* [YOUR ASSIGNMENT]: What is wanted is every line below from the one with "已到答复期的申请38件,涉及" up to and including the one with "- Mirror Ball", retyped exactly, pictures excluded, nothing else.

Stored records
· · · · · · ·
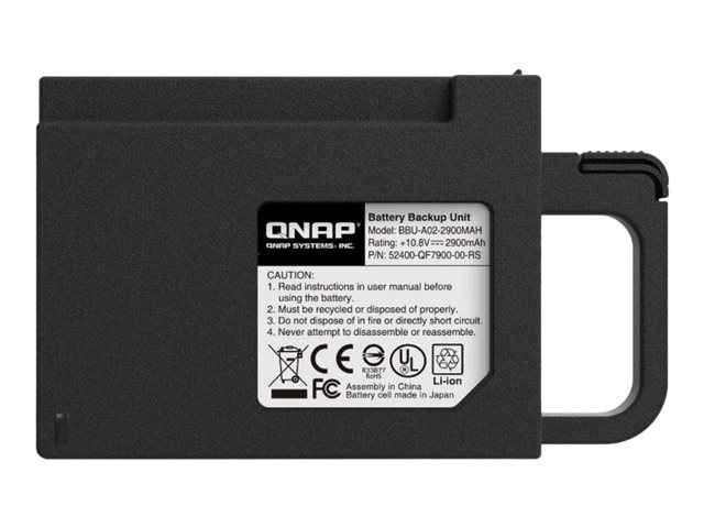 Produktbeskrivning QNAP BBU-A02-2900MAH - reservbatteri - Li-Ion - 2200 mAh Typ av enhet Reservbatteri Vikt 218 g Batteri Litiumjon - 2200 mAh Dimensioner (BxDxH) 7.9 cm x 3.2 cm x 11.8 cm Designat för QNAP ES2486dc -
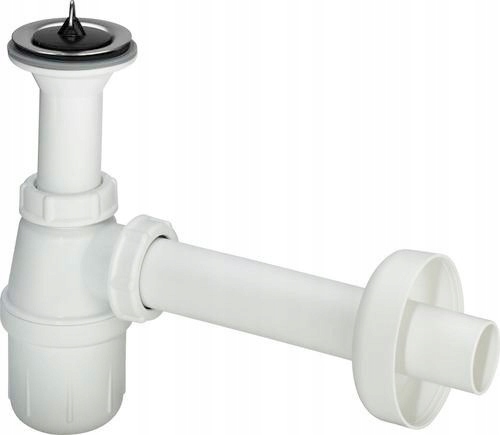 Wysokiej jakości syfon butelkowy przeznaczony do umywalek i bidetów. Posiada on gumowy korek, oraz rozetę maskującą na rurze odpływowej.
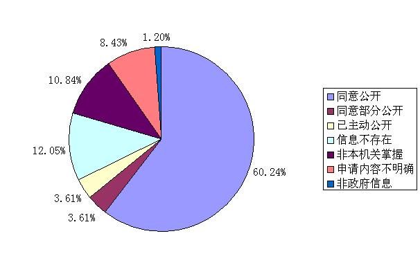 已到答复期的申请38件,涉及内容83项,已全部按期答复。其余未到答复期的申请按照《条例》规定在时限内进行答复。已答复申请事项中:同意公开50项,占总数的60.24%;同意部分公开3项,占总数的3.61%;已主动公开3项,占总数的3.61%;信息不存在10项,占总数的12.05%;非本机关掌握9项,占总数的10.81%;申请内容不明确7项,占总数的8.43%;非政府信息1项,占总数的1.20%。
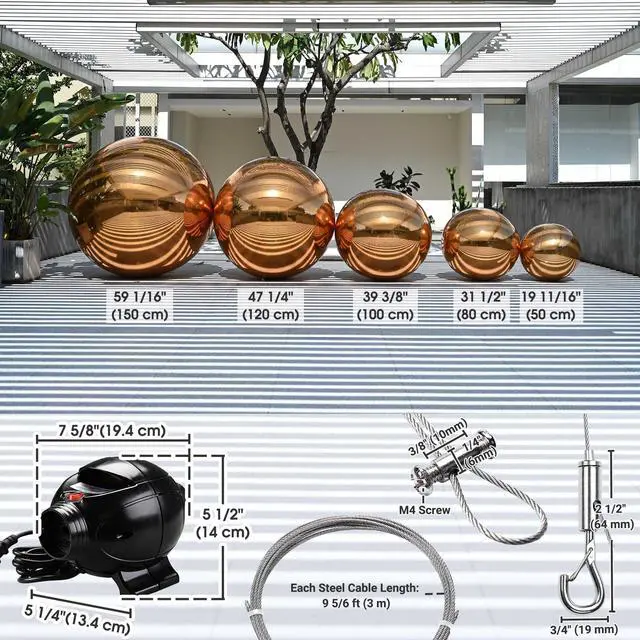 - Mirror Ball Diameter 59 1/16", 47 1/4", 39 3/8", 31 1/2", 19 11/16" (150 cm, 120 cm, 100 cm, 80 cm, 50cm)
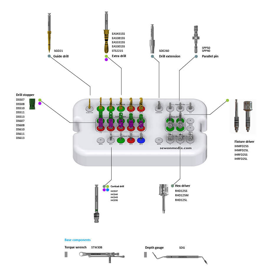 Extra Kit is a kit that can satisfy both patients and doctors by reducing the implant operation time with excellent durability and cutting power in various bone quality. The Extra drill included in the Kit is designed with an angle in the same way as the shape of the IH fixture, so it helps to secure the initial fixing forces. In addition, the drill stopper ensures accurate and safe drilling depth.
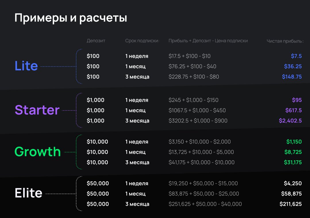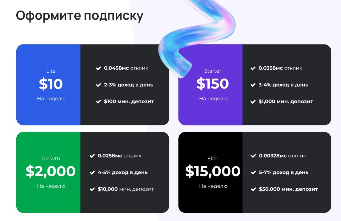 2) Lite: от 3 до 4% в сутки сроком от 1 недели до 3х месяцев, депозит возвращается в конце срока (от 1 000$). Стоимость подписки: 150$ на неделю, 450$ на месяц и 900$ на 3 месяца
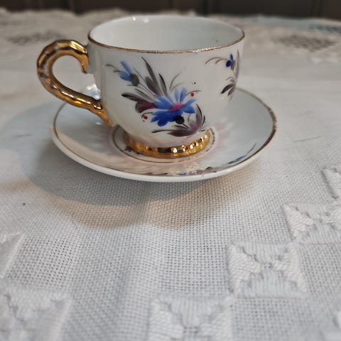 flott kuvert med mokkakopp, skål og asjett + en ekstra asjett
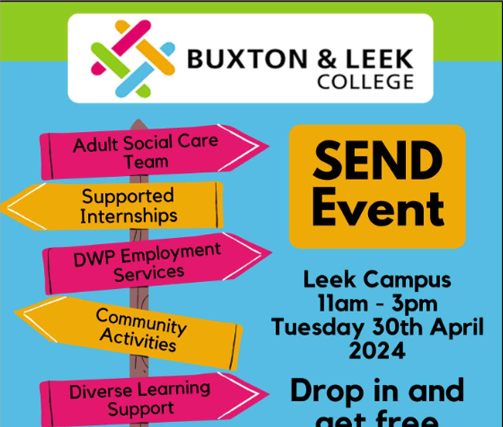 Buxton and Leek College have a wonderful SEND event happening at the end of April in Leek and very early May in Buxton. As you'll see from the posters, they have a huge range of people coming to speak to students. The event is also open to parents, and you and your students can book a slot to come and speak to all our visitors.
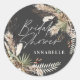 Pegatina Redonda Ducha de novia pampas pasto moderno negro elegante
· · · · · · ·
* [ANSWER BOX]:
 已到答复期的申请38件,涉及内容83项,已全部按期答复。其余未到答复期的申请按照《条例》规定在时限内进行答复。已答复申请事项中:同意公开50项,占总数的60.24%;同意部分公开3项,占总数的3.61%;已主动公开3项,占总数的3.61%;信息不存在10项,占总数的12.05%;非本机关掌握9项,占总数的10.81%;申请内容不明确7项,占总数的8.43%;非政府信息1项,占总数的1.20%。
 - Mirror Ball Diameter 59 1/16", 47 1/4", 39 3/8", 31 1/2", 19 11/16" (150 cm, 120 cm, 100 cm, 80 cm, 50cm)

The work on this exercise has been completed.